2023 4th International Conference on Information Science, Parallel and Distributed Systems(ISPDS 2023)

Speakers (Leicester)

Shuai Liu.png

Prof. Steven Li

Swansea University, UK



Dr. Li received the B.E. degree in precision mechanical engineering from Hefei University of Technology in 2005, the M.E. degree in automatic control engineering from University of Science and Technology of China in 2008, and the Ph.D. degree in electrical and computer engineering from Stevens Institute of Technology, USA, in 2014. He is currently an Associate Professor (Reader) at Swansea University, UK, leading the Robotic Lab, conducting research on robot manipulation and impedance control, multi-robot coordination, distributed control, intelligent optimization and control, and legged robots. 

Title:

Beetle Antennae Search: Mathematic Formulation and Applications

Abstract:

The Beetle Antennae Search (BAS) algorithm is a nature-inspired optimization algorithm inspired by the unique behavior of beetle antennae. This paper presents a comprehensive mathematical formulation of the BAS algorithm and explores its various applications. The mathematical model of the BAS algorithm is developed by incorporating the principles of antenna sensing and exploration behavior observed in beetles. The algorithm's performance is evaluated using benchmark optimization problems, demonstrating its effectiveness in finding optimal solutions in complex and dynamic search spaces. Additionally, this study investigates the applicability of the BAS algorithm in diverse fields, such as engineering design, image processing, data clustering, and pattern recognition. Experimental results and comparative analyses highlight the advantages and potential of the BAS algorithm in addressing real-world optimization problems. Overall, this work provides a solid foundation for understanding the mathematical principles underlying the BAS algorithm and demonstrates its potential for solving a wide range of practical optimization challenges.





zhangyudong.jpg

Prof. Yudong Zhang

University of Leicester, UK



Prof. Yudong Zhang is a Chair Professor at the School of Computing and Mathematical Sciences, University of Leicester, UK. He is the Fellow of IET, Fellow of EAI, and Fellow of BCS. He is the Senior Member of IEEE and ACM. He is the Distinguished Speaker of ACM. He was the 2019, 2021 & 2022 recipient of Clarivate Highly Cited Researcher. He has (co)authored over 400 peer-reviewed articles. There are more than 50 ESI Highly Cited Papers and 5 ESI Hot Papers in his (co)authored publications.
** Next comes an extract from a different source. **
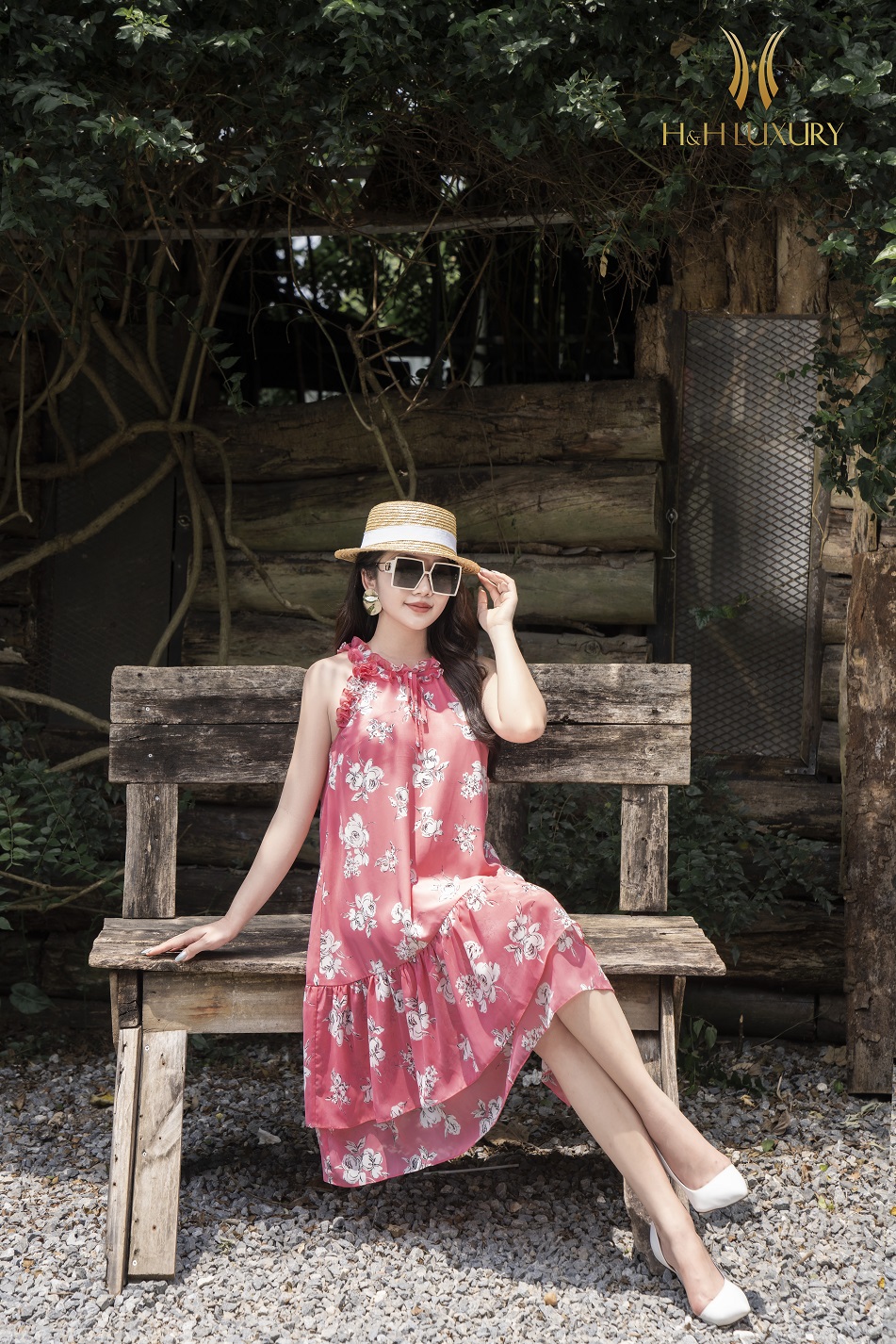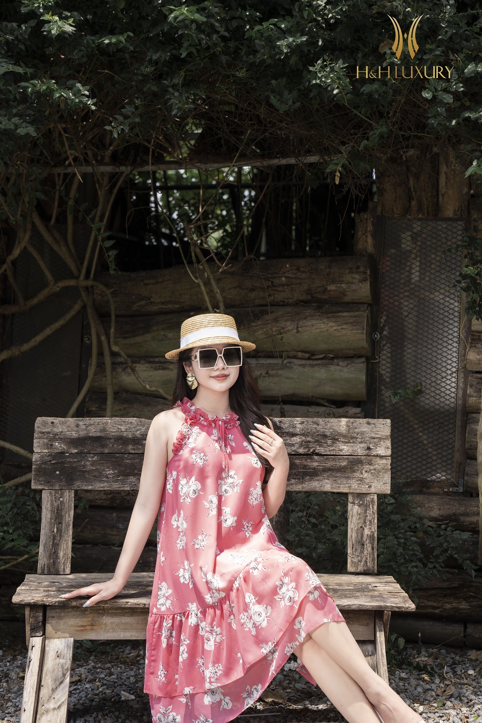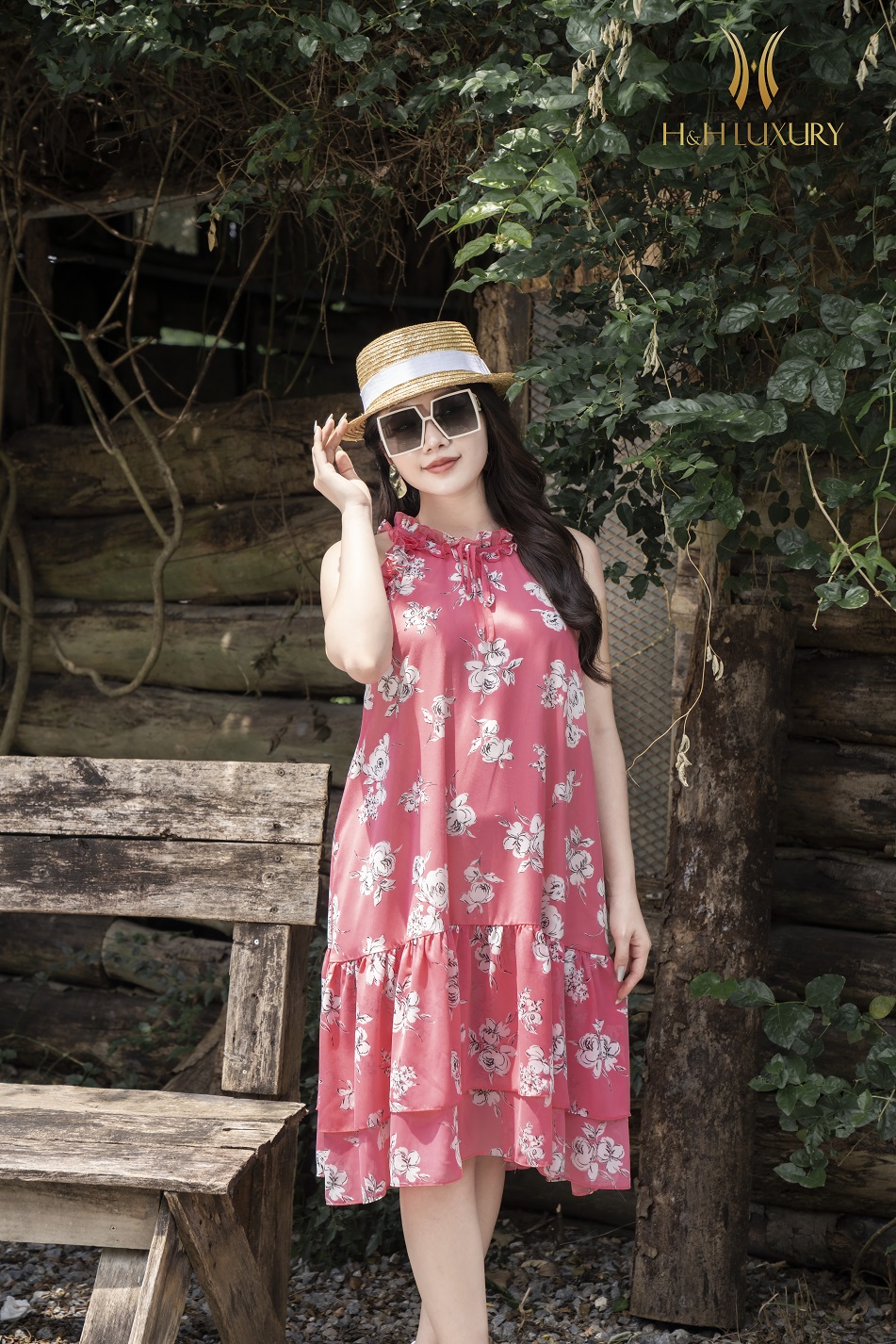 ĐẦM MAXI HỒNG HOẠ TIẾT HOA NHÍ

His citation reached 22936 in Google Scholar (h-index 84). He is the editor of Neural Networks, IEEE TITS, IEEE TCSVT, etc. He has conducted many successful industrial projects and academic grants from NIH, Royal Society, GCRF, EPSRC, MRC, Hope, British Council, and NSFC. He has served as (Co-)Chair for more than 60 international conferences (including more than 20 IEEE or ACM conferences). More than 50 news presses have reported his research outputs, such as Reuters, BBC, Telegraph, Physics World, UK Today News, etc.

Title:

Computer Software for COVID-19 Diagnosis

Abstract:

COVID-19 is a pandemic disease that caused more than 6.64 million deaths until 4/Dec/2022. X-ray and CT scans are two popular medical imaging technique used in radiology to get detailed images of the body noninvasively for diagnostic purposes. Traditional manual labeling of X-ray or CT-based scans is tedious and error-prone. To solve the problem, our lab develops new computer software, such as advanced pooling-based networks, graph convolutional networks, attention neural networks, weakly supervised networks, etc. We also use cloud computing techniques to run our developed app on the remote server to help doctors in the suburban area. Two other chest-related diseases: secondary pulmonary tuberculosis and community-acquired pneumonia, will be covered in this talk.